Kebangkitan Industri Pertahanan Portugal: Antara Ambisi Otonomi Eropa dan Bayang-Bayang Hegemoni Amerika
InfoNanti — Selama ini, Portugal mungkin lebih dikenal dunia karena keindahan pantainya atau kepiawaian para pesepakbolanya di lapangan hijau. Namun, di balik tirai diplomasi internasional, negara di sudut semenanjung Iberia ini tengah melakukan transformasi mengejutkan. Dalam kurun waktu lima tahun terakhir, Portugal diam-diam membangun ekosistem industri pertahanan yang tidak hanya besar, tetapi juga mulai menunjukkan kemandirian yang signifikan.

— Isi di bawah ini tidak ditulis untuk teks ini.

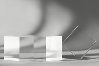 石英ガラスとはガラスの一種で、超高純度の水晶(二酸化ケイ素:SiO2)でできています。通常のガラス(ソーダガラス)に比べて、金属などの不純物がきわめて少ないため、光透過性と耐熱性に優れます。その特長を活かしてレンズ・プリズムなどの光学部品・半導体製造装置部品・半導体・高温チャンバーの窓などの材料に使用されます。
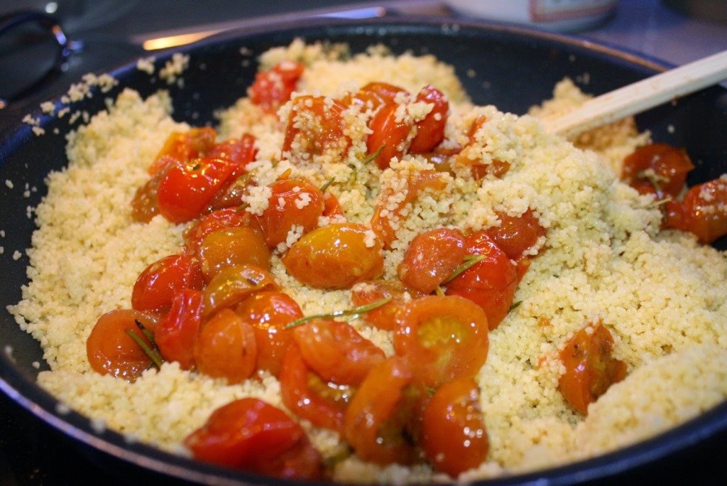 Passado o tempo de repouso, coloca os couscous nos restos de azeite (adiciona mais um pouco) utilizado para saltear os tomates e deixa cozinhar em lume brando mexendo sempre. Ficam com um aspecto húmido e brilhante realmente apetitoso. Junta os tomates e está pronto a servir.

Transformasi ini bukan sekadar upaya memperkuat militer, melainkan sebuah langkah strategis untuk meraup keuntungan ekonomi di tengah ketidakpastian global. Sektor pertahanan kini menjadi mesin uang baru bagi Lisbon. Berdasarkan data terbaru, industri ini berhasil membukukan pendapatan fantastis mencapai 2,1 miliar Euro atau setara dengan Rp38 hingga Rp40 triliun pada tahun lalu. Pertanyaannya, mampukah Portugal benar-benar berdiri di atas kaki sendiri tanpa ketergantungan pada Amerika Serikat sebagai sekutu utamanya?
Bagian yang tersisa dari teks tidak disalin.